A breakfast fit for kings at the Safiya Hotel was a perfect set-up for some serious sightseeing.
We positively galloped towards the Ark, Bukhara’s fortress and home to Uzbekistan’s Royal Sultans through the ages.
We stopped briefly en-route, intrigued by the tap, tap, tap noise emanating from a small courtyard. It was a chap chiseling away to etch an image of what we were about to see on a brass plate to be sold at a later date.
His precision was remarkable and we guessed the guy in his sixties must have done this a fair few times in his life! Watch him at work by clicking ARTISAN.

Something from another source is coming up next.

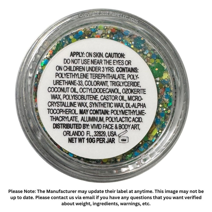 Polyester Glitter in varied shapes and size. Glitter Creme Contains: Polyethylene Terephthatlate, Polyurethane-33, Colorant, triglyceride, coconut oil, octyldodecanol, ozokerite wax (paraffin wax), polyisobutene, castor oil, microcrystalline wax, synthetic wax, dl alpha tocopherol. May contain Polymethyl Methacrylate, Aluminum, Polylactic Acid. Distributed by VIVID FACE and BODY ART Orlando Florida, 32829 USA Net Wt. 10gr per jar.

The ruler of Bukhara, Emir Nasrullah Khan, who made the Ark his residence was not a guy to be crossed as this extract out of my Lonely Planet guidebook would testify:
On 24 June 1842 Colonel Charles Stoddart and Captain Arthur Conolly were marched out from a dungeon cell before a huge crowd in front of the Ark, the emir’s fortified citadel, made to dig their own graves and, to the sound of drums and reed pipes from atop the fortress walls, were beheaded.
Colonel Stoddart had arrived three years earlier on a mission to reassure Emir Nasrullah Khan over Britain’s invasion of Afghanistan. But his superiors, underestimating the emir’s vanity and megalomania, had sent him with no gifts, and with a letter not from Queen Victoria (whom Nasrullah regarded as an equal sovereign) but from the governor-general of India.
To compound matters Stoddart violated local protocol by riding, rather than walking, up to the Ark. The piqued Nasrullah threw him into jail, where he was to spend much of his time at the bottom of the so-called ‘bug pit’, in the company of assorted rodents and scaly creatures.
Captain Conolly arrived in 1841 to try to secure Stoddart’s release. But the emir, believing him to be part of a British plot with the khans of Khiva and Kokand, tossed Conolly in jail too.
After the disastrous British retreat from Kabul, the emir, convinced that Britain was a second-rate power and having received no reply to an earlier letter to Queen Victoria, had both men executed.
Nice fella! We later went to the nearby jail (The Zindon) and witnessed the bug pit for ourselves. Even with nothing crawling about it looked extremely unappealing to say the least.
The thick walls of the Ark were constructed from mud, the once vast complex now only about 20% of the original size. Much of the building was destroyed by a combination of Genghis Khan, seismic movements and Russian invaders, but enough remained to occupy us for a couple of hours.
The internal highlight was the small Juma (Friday) Mosque with its lavishly decorated interior and wonderful wooden columns – a taste of what lay in store. The Coronation Court was also brightly decorated and worth a linger.
Next up was what was to remain a highlight of the entire trip, a visit to the nearby Kalon Mosque & Minaret and Mir-i-Arab Medressa complex, the site synonymous with Bukhara.
The main site is a real beauty and we were so lucky to virtually have the place to ourselves on occasions.
Staying in the complex for over two hours, I will always have a magic memory of just sitting in the majestic courtyard in complete silence, in wonderment at the large empty space, intricate columns and shapely arches.
That the silence was broken with the ethereal call to prayer just added to the wonderful ambience. A definite travel high point that you can witness by clicking KALON.
At one point a tour group came in and the guide spent five minutes explaining the history of the complex. He finished with the words “you now have 15 minutes to take a look around.” Hamish & I just looked at each other and grimaced!
As with all the great Islamic buildings we were to visit, the entrance was extra special.
A huge portico richly decorated in shades of blue & green and featuring intricate patterns and verses from the Koran.
What we were to find typical in these parts, much of the architecture seemed off kilter. Porticos & minarets leaning forwards or sideways, doorways not quite rectangular, arches twisted. This we learned was designed so that the buildings could withstand earthquakes and stand the test of time to be enjoyed for centuries.
The Minaret was also most striking with its tile work patterns rising up its form so that your eyes moved slowly upwards to its pinnacle some 47 metres above the ground.
Rather gruesomely this was also a killing tower with misdemeanors punishable by being thrown from the top as a crowd bayed below.
We were able to get a superb perspective of the complex which also included a closed off medressa directly opposite the mosque, by taking tea (and baklava naturally!) on the high terrace of an adjacent cafe. Another hour ‘wasted’. Fabulous.
With nearly two days to go in Bukhara we needed to stagger our visits so we could appreciate the sites. We therefore decided to just wander back to our hotel via caravansary, medressas & khans stuffed full of souvenirs – we were not buying. Yet!